### EXERCISE DESCRIPTION
Begin the copy at the line containing "Зонт, полностью затемняющий, большой" in the data below and end it at the line containing "双灶5.0Kw大火力,食材爆", keeping each line exact and leaving out pictures.
[Opening RECORDS FOR PROCESSING section]
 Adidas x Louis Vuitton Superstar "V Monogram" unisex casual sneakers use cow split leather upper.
[Closing RECORDS FOR PROCESSING section]
[Opening RECORDS FOR PROCESSING section]
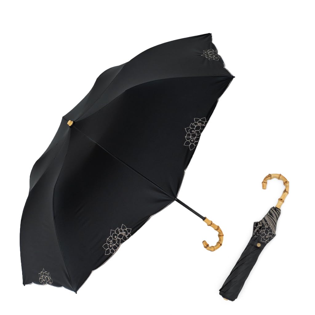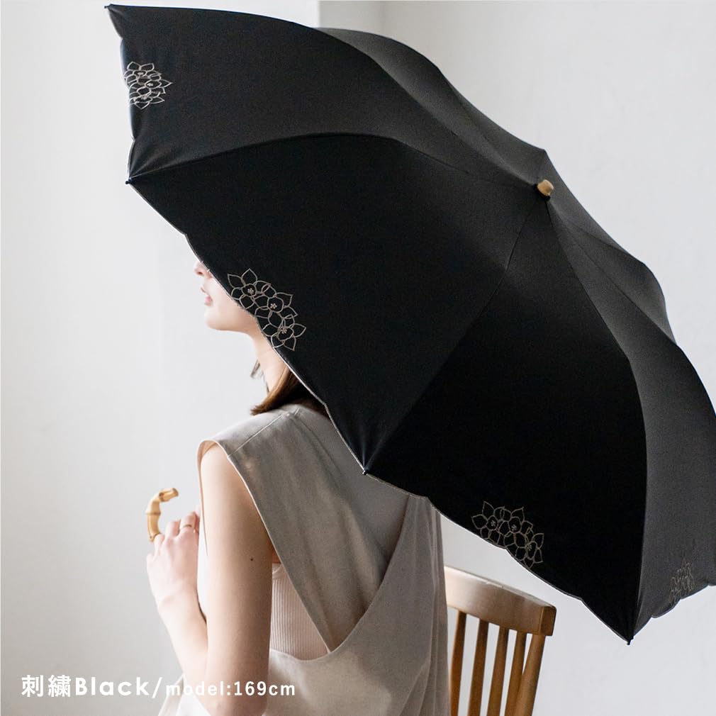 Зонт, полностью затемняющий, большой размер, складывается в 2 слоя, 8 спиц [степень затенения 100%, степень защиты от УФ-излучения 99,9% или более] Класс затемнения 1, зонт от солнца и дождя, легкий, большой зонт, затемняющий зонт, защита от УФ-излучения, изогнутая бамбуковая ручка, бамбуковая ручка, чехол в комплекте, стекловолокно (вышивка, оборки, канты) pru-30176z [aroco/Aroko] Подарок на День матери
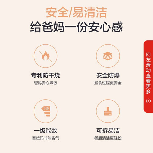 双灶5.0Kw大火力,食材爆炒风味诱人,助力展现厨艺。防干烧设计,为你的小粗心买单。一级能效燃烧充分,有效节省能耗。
[Closing RECORDS FOR PROCESSING section]
### ANSWER AREA
 Зонт, полностью затемняющий, большой размер, складывается в 2 слоя, 8 спиц [степень затенения 100%, степень защиты от УФ-излучения 99,9% или более] Класс затемнения 1, зонт от солнца и дождя, легкий, большой зонт, затемняющий зонт, защита от УФ-излучения, изогнутая бамбуковая ручка, бамбуковая ручка, чехол в комплекте, стекловолокно (вышивка, оборки, канты) pru-30176z [aroco/Aroko] Подарок на День матери
 双灶5.0Kw大火力,食材爆炒风味诱人,助力展现厨艺。防干烧设计,为你的小粗心买单。一级能效燃烧充分,有效节省能耗。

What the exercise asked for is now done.